28 . The method of claim 27 further comprising the step of squeezing a sealant into the transverse fracture farthest from the existing well to divert non-hydrocarbon fluids away from the substantially horizontal wellbore.
29 . The method of claim 27 further comprising the step of squeezing a sealant into the transverse fracture adjacent to the one farthest from the existing well to divert the injection fluid away from the wellbore to increase the reservoir coverage and pumping the injection fluid into the farthest transverse fracture.
30 . A method of increasing hydrocarbon production of an existing well from a reservoir infiltrated with a non-hydrocarbon fluid, comprising the steps of:
(a) drilling a first substantially horizontal wellbore that intersects the existing well; (b) forming a plurality of transverse fractures in the reservoir along the first substantially horizontal wellbore; (c) drilling a second substantially horizontal wellbore that intersects the existing well; (d) forming at least one transverse fracture in the reservoir along the second substantially horizontal wellbore; (e) sealing the at least one transverse fracture formed along the second substantially horizontal wellbore; and (f) draining the hydrocarbons into the plurality of transverse fractures formed along the first substantially horizontal wellbore.
31 . The method of claim 30 further comprising the step of injecting a fluid into the reservoir through a toe portion of the second substantially horizontal wellbore to sweep the hydrocarbons toward the plurality of transverse fractures formed along the first horizontal wellbore.
32 . The method of claim 30 further comprising the step of lining the first and second substantially horizontal wellbores with a casing string.
33 . The method of claim 32 wherein the casing string is cemented to sidewalls of the first and second substantially horizontal wellbores.
34 . The method of claim 30 wherein the transverse fractures in steps (b) and (d) are formed using a hydra jetting tool.
35 . The method of claim 34 wherein the hydra jetting tool forms each fracture one at a time.
36 . The method of claim 35 wherein the hydra jetting tool forms transverses fracture in the first and second substantially horizontal wellbores by: (i) positioning the hydra jetting tool in the substantially horizontal wellbore being fractured at the location where the transverse fracture is to be formed; (ii) perforating the reservoir at the location where the transverse fracture is to be formed; and (iii) injecting a fracture fluid into the perforation at sufficient pressure to form a transverse fracture along the perforation.
37 . The method of claim 30 wherein the plurality of transverse fractures in step (b) are formed by staged fracturing.
38 . The method of claim 37 wherein the staged fracturing is performed by: (i) detonating a charge in the first substantially horizontal wellbore at the location where a transverse fracture is to be formed so as to form a perforation in the reservoir at that location; (ii) pumping a fracture fluid into the perforation at sufficient pressure to propagate the transverse fracture; (iii) installing a plug in the first substantially horizontal wellbore uphole of the transverse fracture; (iv) repeating steps (i) through (iii) until the desired number of transverse fractures have been formed; and (v) removing the plugs following the completion of step (iv).
39 . The method of claim 30 wherein the plurality of transverse fractures in step (b) are formed using a limited entry perforation and fracture technique.
40 . The method of claim 39 wherein the limited entry perforation and fracture technique is performed by: (i) lining the first substantially horizontal wellbore with a casing string having a plurality of sets of predrilled holes arranged along its length; and (ii) pumping a fracturing fluid through the plurality of sets of predrilled holes in the casing string at sufficient pressure to fracture the reservoir at the locations of the sets of predrilled holes.
41 . The method of claim 30 wherein the plurality of transverse fractures in step (b) are formed by: (i) installing a tool having a plurality of hydra jets formed along its length into the first substantially horizontal wellbore; and (ii) pumping fluid through the plurality of hydra jets simultaneously at one or more pressures sufficient to first perforate and then fracture the reservoir at the locations of the hydra jets.

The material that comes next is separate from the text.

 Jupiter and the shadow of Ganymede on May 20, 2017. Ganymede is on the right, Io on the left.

42 . The method of claim 30 wherein step (e) is performed by pumping a sealant into the at least one transverse fracture that intersects the second substantially horizontal wellbore, wherein the sealant comprises a material selected from the group consisting of a cement, a linear polymer mixture, a linear polymer mixture with cross-linker, an in-situ polymerized monomer mixture, a resin based fluid, an epoxy-based fluid, and a magnesium based slurry.
43 . The method of claim 42 wherein the sealant comprises H 2 Zero™.

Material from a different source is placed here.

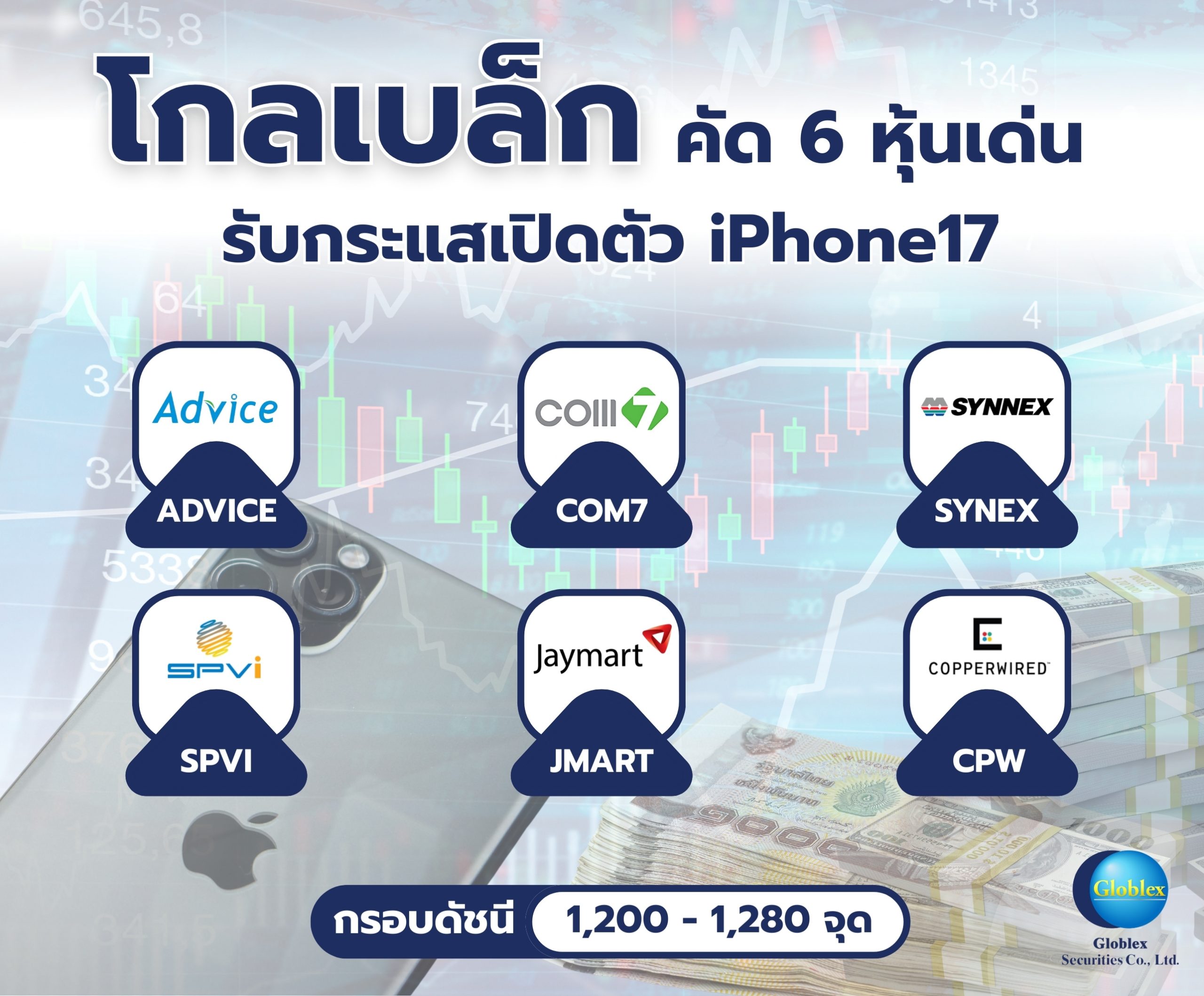 นายวัชเรนทร์ จงยรรยง ผู้อำนวยการฝ่ายวิจัย บล.โกลเบล็ก แนะนำกลยุทธ์สำหรับเดือนกันยายนลงทุนในหุ้นที่ได้ประโยชน์จากการเปิดตัว iPhone 17 ที่มีกระแสข่าวว่าจะเปิดตัวในวันที่ 9 ก.ย.นี้ ส่งผลให้หุ้นกลุ่มค้าปลีกและจัดจำหน่ายสินค้าไอทีได้รับอานิสงส์โดยตรง ได้แก่ ADVICE, COM7, SYNEX, SPVI, JMART และ CPW

44 . The method of claim 30 further comprising the step of installing a plug uphole of the at least one sealed transverse fracture.
45 . The method of claim 30 further comprising the steps of installing a tubing in the second substantially horizontal wellbore with an end of the tubing being disposed at a toe portion of the second substantially horizontal wellbore, which is downhole of the at least one sealed transverse fracture; and installing a packer between the tubing and a sidewall forming the second substantially horizontal wellbore uphole of the at least one sealed transverse fracture.
46 . The method of claim 45 further comprising the step of injecting a fluid into the reservoir through the end of the tubing at the toe of the second substantially horizontal wellbore to sweep the hydrocarbons toward the plurality of transverse fractures formed along the first substantially horizontal wellbore.
47 . The method of claim 30 further comprising the step of installing a device for monitoring the amount of infiltration of the non-hydrocarbon fluid into the hydrocarbons being drained into the plurality of transverse fractures formed along the first substantially horizontal wellbore.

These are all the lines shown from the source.